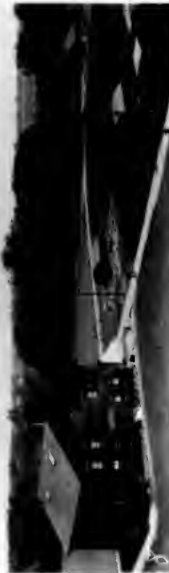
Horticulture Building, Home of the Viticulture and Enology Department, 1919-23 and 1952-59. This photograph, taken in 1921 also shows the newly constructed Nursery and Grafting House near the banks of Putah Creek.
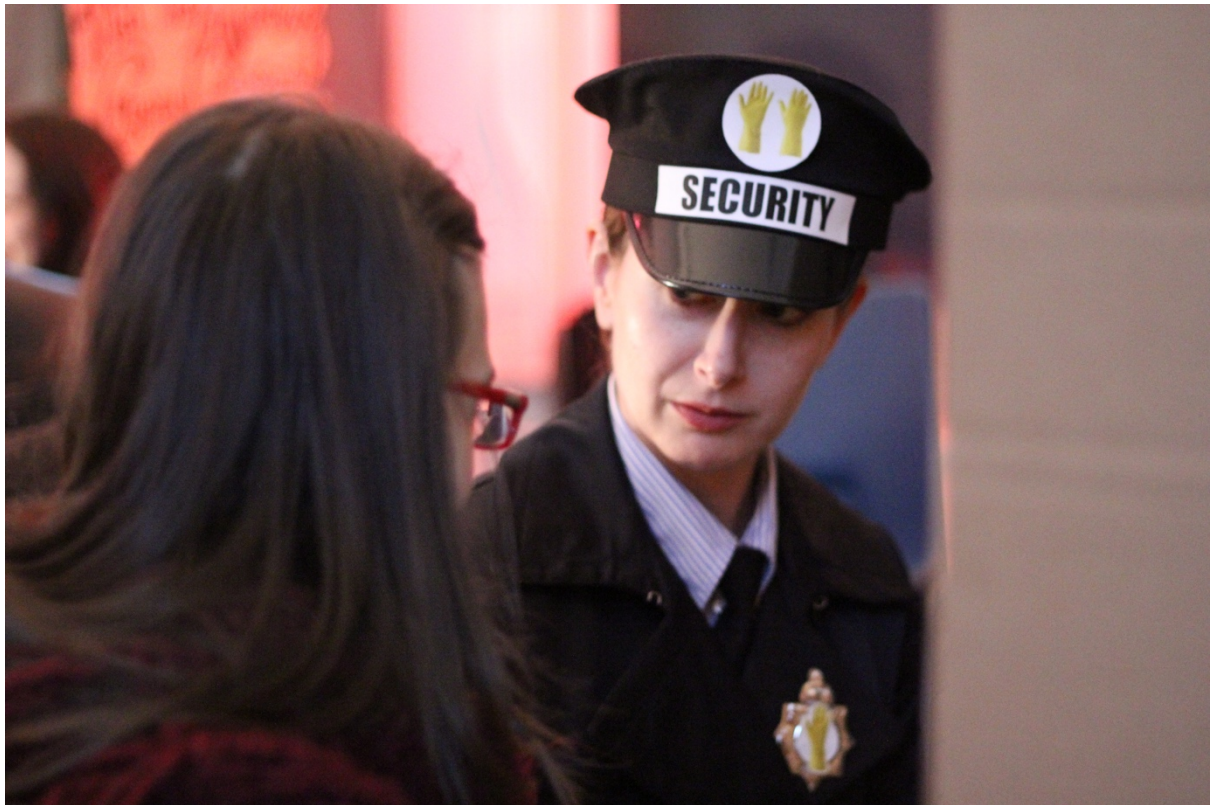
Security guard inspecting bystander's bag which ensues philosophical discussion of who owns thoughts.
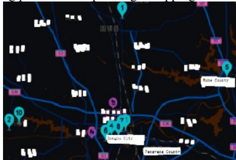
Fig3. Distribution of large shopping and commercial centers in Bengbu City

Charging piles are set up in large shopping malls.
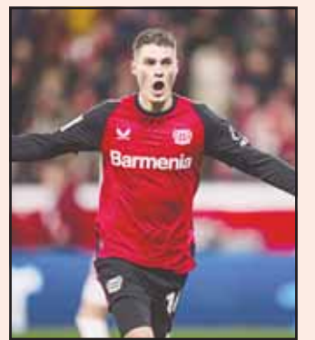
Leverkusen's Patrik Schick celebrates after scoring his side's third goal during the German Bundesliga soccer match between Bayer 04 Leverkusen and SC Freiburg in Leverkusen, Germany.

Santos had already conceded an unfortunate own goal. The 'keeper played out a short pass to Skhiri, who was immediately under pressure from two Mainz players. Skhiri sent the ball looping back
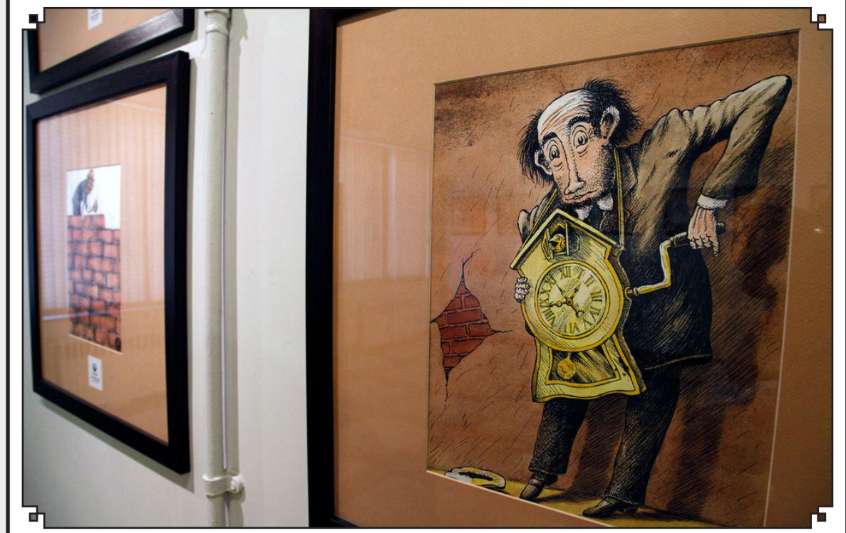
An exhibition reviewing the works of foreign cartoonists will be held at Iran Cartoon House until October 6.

===============

● What you will do
The whole listing above should be restated word for word, minus any images.

● Exercise answer
Horticulture Building, Home of the Viticulture and Enology Department, 1919-23 and 1952-59. This photograph, taken in 1921 also shows the newly constructed Nursery and Grafting House near the banks of Putah Creek.
Security guard inspecting bystander's bag which ensues philosophical discussion of who owns thoughts.
Fig3. Distribution of large shopping and commercial centers in Bengbu City

Charging piles are set up in large shopping malls.
Leverkusen's Patrik Schick celebrates after scoring his side's third goal during the German Bundesliga soccer match between Bayer 04 Leverkusen and SC Freiburg in Leverkusen, Germany.

Santos had already conceded an unfortunate own goal. The 'keeper played out a short pass to Skhiri, who was immediately under pressure from two Mainz players. Skhiri sent the ball looping back
An exhibition reviewing the works of foreign cartoonists will be held at Iran Cartoon House until October 6.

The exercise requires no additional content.